Download or read book Computational Biomechanics for Medicine written by Martyn P. Nash and published by Springer. This book was released on 2019-08-13 with total page 149 pages. Available in PDF, EPUB and Kindle. Book excerpt: This book contains contributions from computational biomechanics specialists who present and exchange opinions on the opportunities for applying their techniques to computer-integrated medicine, including computer-aided surgery and diagnostic systems. Computational Biomechanics for Medicine collects peer-reviewed chapters from the annual Computational Biomechanics for Medicine Workshop, in conjunction with the Medical Image Computing and Computer Assisted Intervention [MICCAI] Society conference. The works are dedicated to research in the field of methods and applications of computational biomechanics to medical image analysis, image-guided surgery, surgical simulation, surgical intervention planning, disease diagnosis and prognosis, analysis of injury mechanisms, implant and prosthesis design, artificial organ design, and medical robotics. These chapters will appeal to a wide range of researchers and students within the fields of engineering and medicine, as well as those working in computational science.

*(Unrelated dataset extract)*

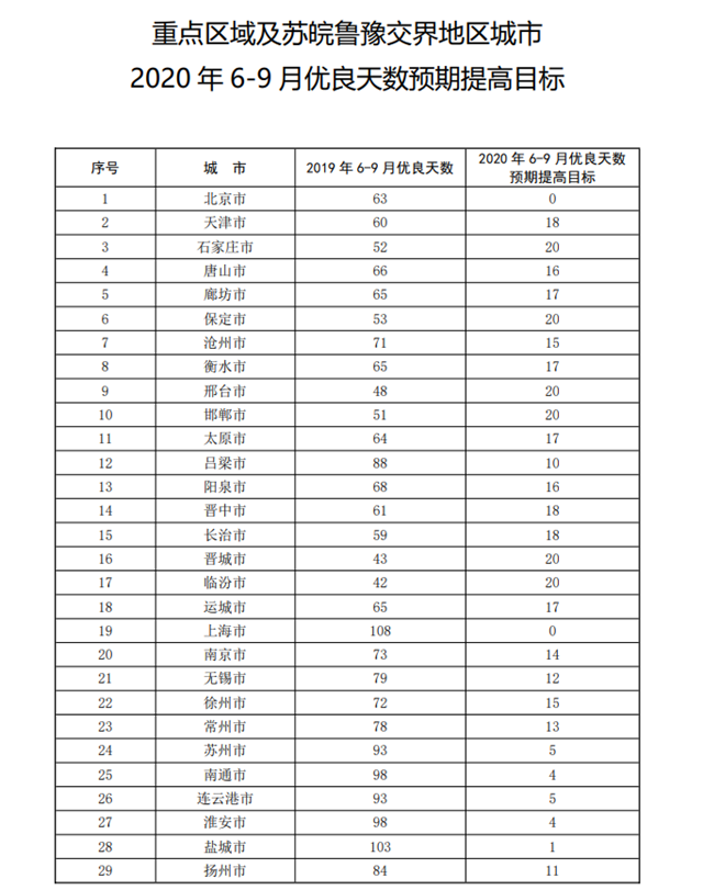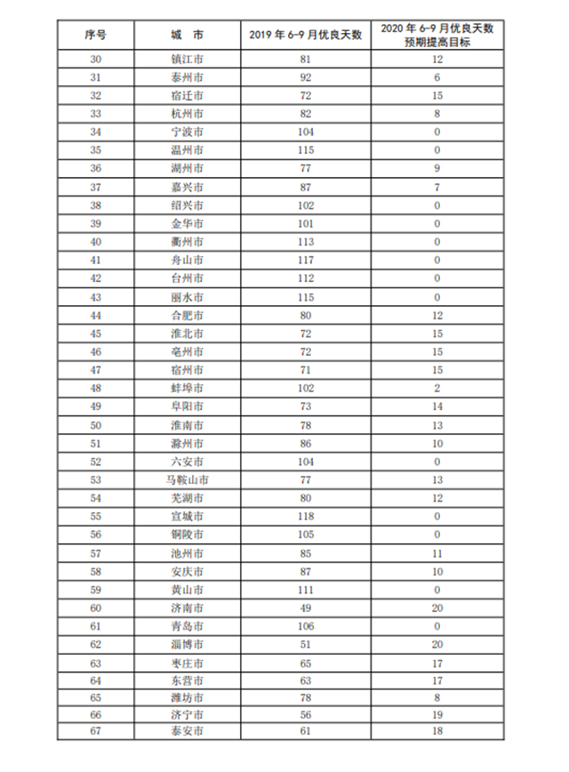 2.重點區(qū)域及蘇皖魯豫交界地區(qū)城市2020年6-9月優(yōu)良天數(shù)預期提高目標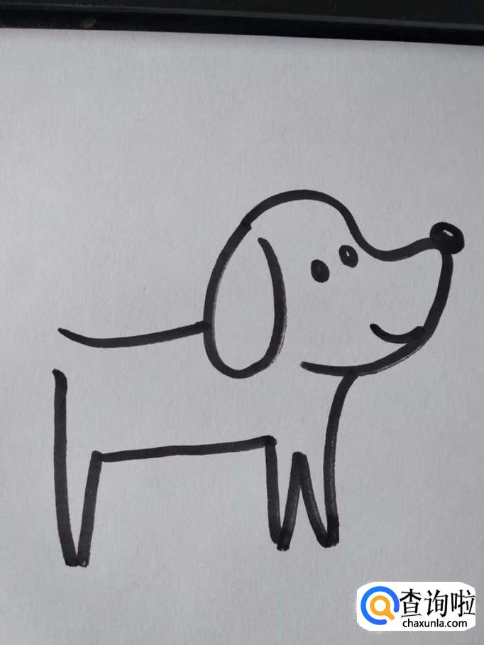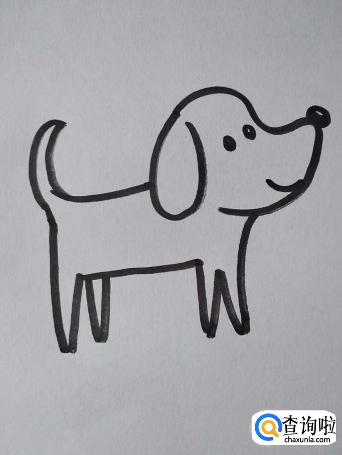 最后画出小狗的尾巴。小狗的尾巴稍短一些,尾巴是向上弯曲的,末端很细。以上六个步骤就画出的小狗的简笔画,是不是很简单?如果有兴趣,赶快动笔试试吧!

Download or read book Computational Biomechanics for Medicine written by Adam Wittek and published by Springer Science & Business Media. This book was released on 2014-07-08 with total page 208 pages. Available in PDF, EPUB and Kindle. Book excerpt: One of the greatest challenges for mechanical engineers is to extend the success of computational mechanics to fields outside traditional engineering, in particular to biology, biomedical sciences, and medicine. This book is an opportunity for computational biomechanics specialists to present and exchange opinions on the opportunities of applying their techniques to computer-integrated medicine. Computational Biomechanics for Medicine: Models, Algorithms and Implementation collects the papers from the Seventh Computational Biomechanics for Medicine Workshop held in Nice in conjunction with the Medical Image Computing and Computer Assisted Intervention conference. The topics covered include: medical image analysis, image-guided surgery, surgical simulation, surgical intervention planning, disease prognosis and diagnostics, injury mechanism analysis, implant and prostheses design, and medical robotics.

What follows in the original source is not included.